Peeter Ernits (EKRE).
Peeter Ernits (EKRE). Source: Siim Lõvi/ERR

The members of parliament of the Conservative People's Party of Estonia (EKRE) have set up a group in the Riigikogu on Monday for the support of US President Donald Trump. According to initiator Peeter Ernits, the group's aim is to back up Estonia's transatlantic relationship with the United States.

Ernits told the Baltic News Service on Monday that in today's geopolitical situation, good transatlantic relations with the US are playing an ever greater role.

"President Trump has explicitly expressed his unwavering support for the independence of Estonia as well as his commitment to fulfilling the duties of a NATO ally. Despite that, we can unfortunately see him ridiculed week after week also in Estonia," Ernits said.
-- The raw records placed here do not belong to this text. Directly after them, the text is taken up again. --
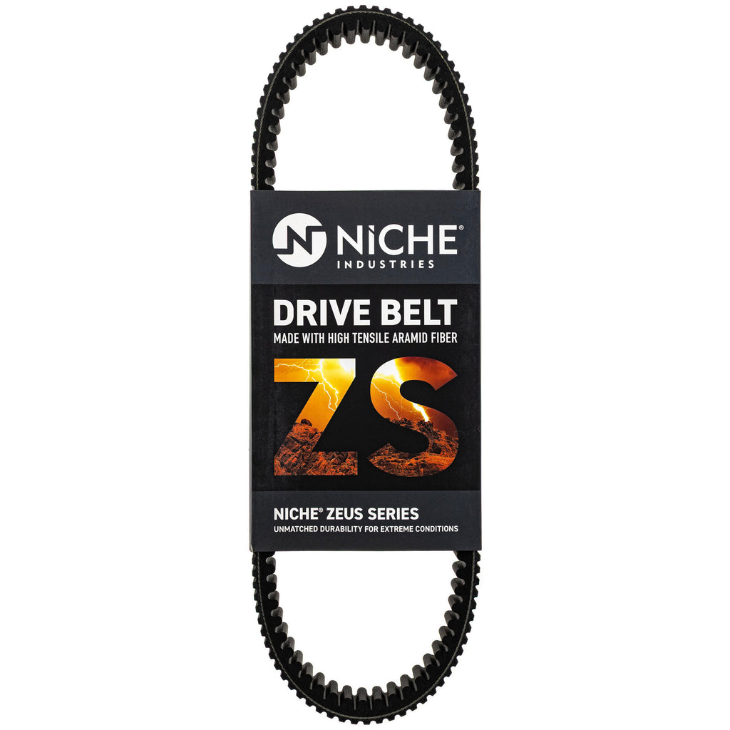NICHE ZEUS Drive Belt Width: 1.47 Inch (37.34mm) Length: 42.68 Inch (1084mm) Outside Circumference: 43.82 Inch (1113mm) Reinforcement Material: Very High Grade Aramid - High Loading Cord Pattern: Aerospace Grade Aramid Cord - Very High Strength Belt Material: EPDM - High Temperature Range - High Weathering Resistance - High Wear Resistance Horsepower Rating: 150-800HP Temperature Rating (C)-40?F to +284?F
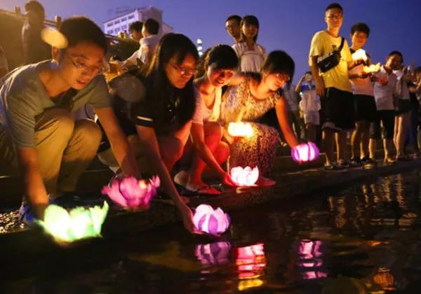 七夕節(jié)放河燈,我國(guó)自古有之。隨著夜幕降臨,人們將一盞盞點(diǎn)亮的河燈放置在水中,讓其順?biāo),以此寄托?duì)逝者的緬懷,對(duì)活著的人們的祝福,希望隨著長(zhǎng)流水,去除疾病災(zāi)禍,祈求一生平安、吉祥。
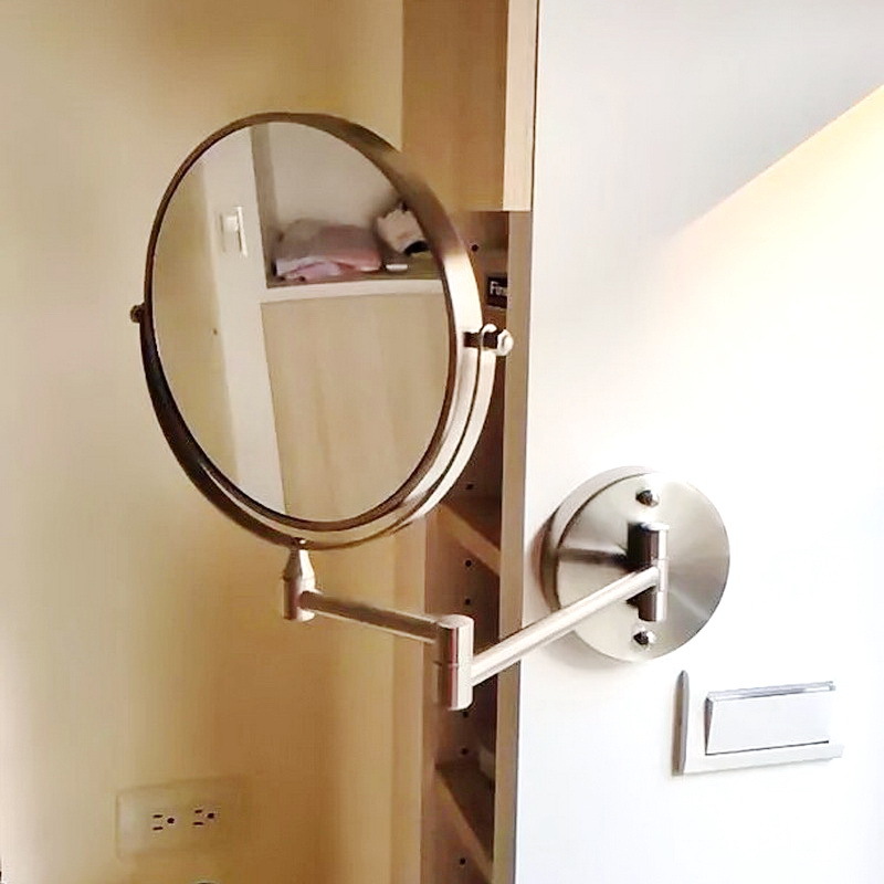 8寸就是鏡面直徑為20cm,產品都是可以360°旋轉的。不用時可以靠牆,不占空間!傳統鏡子安裝之後就固定在那裡無法移動任意調節,這款壁掛鏡子解決傳統鏡子單一固定無法根據自己需要調整位置的遺憾,一款鏡子2種感受,一面正常,一面3倍放大更適合化妝,男士刮鬍須,細節放大使用更方便。超完美壁掛鏡子,鍍層超厚,永不生鏽,鏡面效果,超閃亮,圓形底座時尚大方。
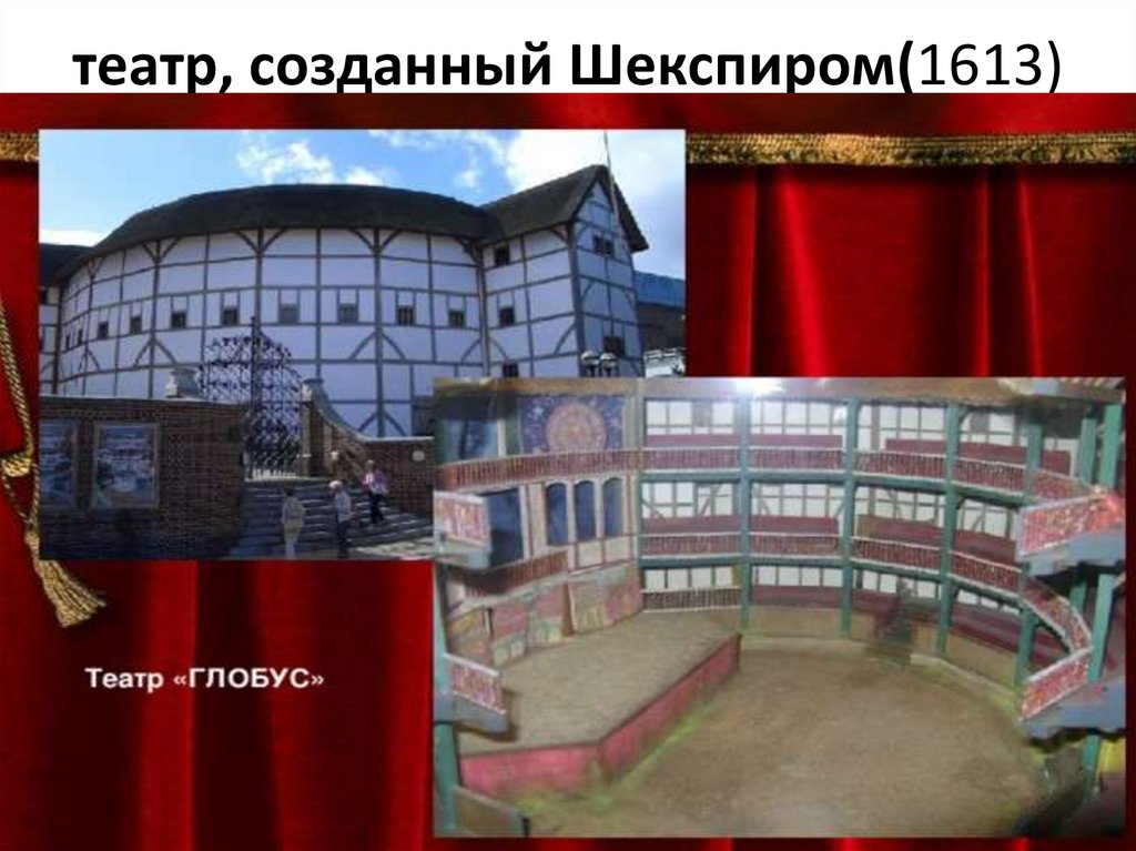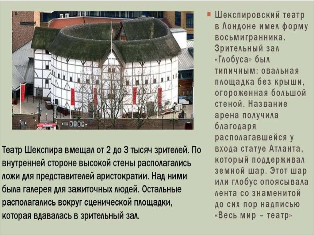 Над входными воротами театр Шекспира,возвышалась статуя Геркулеса,

"Although Estonia is a small country compared to the US, we share many of the problems and objectives highlighted by President Trump. In a speech earlier this year, the American head of state warned against the actions of the World Bank and the IMF, who are implementing the ideology of globalism. They have been acting for decades in the interest of capital to be able to move across borders unhindered, restricting the possibilities of governments to control the activities of multinational corporations. According to Trump, the strengthening of nation states is the only way to alleviate the woes arising from globalism," he added.

There is no need for Estonia to go along with every idea floated in the international community, Ernits argued. Instead, the country should act based on its own national interest. "Our good relations and friendship with our allies are one of the guarantees."

Ernits was elected to the Riigikogu as a member of the Centre Party, but quit it in order to join EKRE. While he could switch parties, the Riigikogu Rules of Procedure Act sets out that no MP may join a new parliamentary group, which means that Ernits, though an MP of EKRE, is not a member of the party's parliamentary group.

The rule dates back to the 1990s, when Estonia's parliamentary politics tended to be chaotic, and frequent realignments in the Riigikogu made it necessary to enforce a modicum of discipline to keep the national parliament in working order.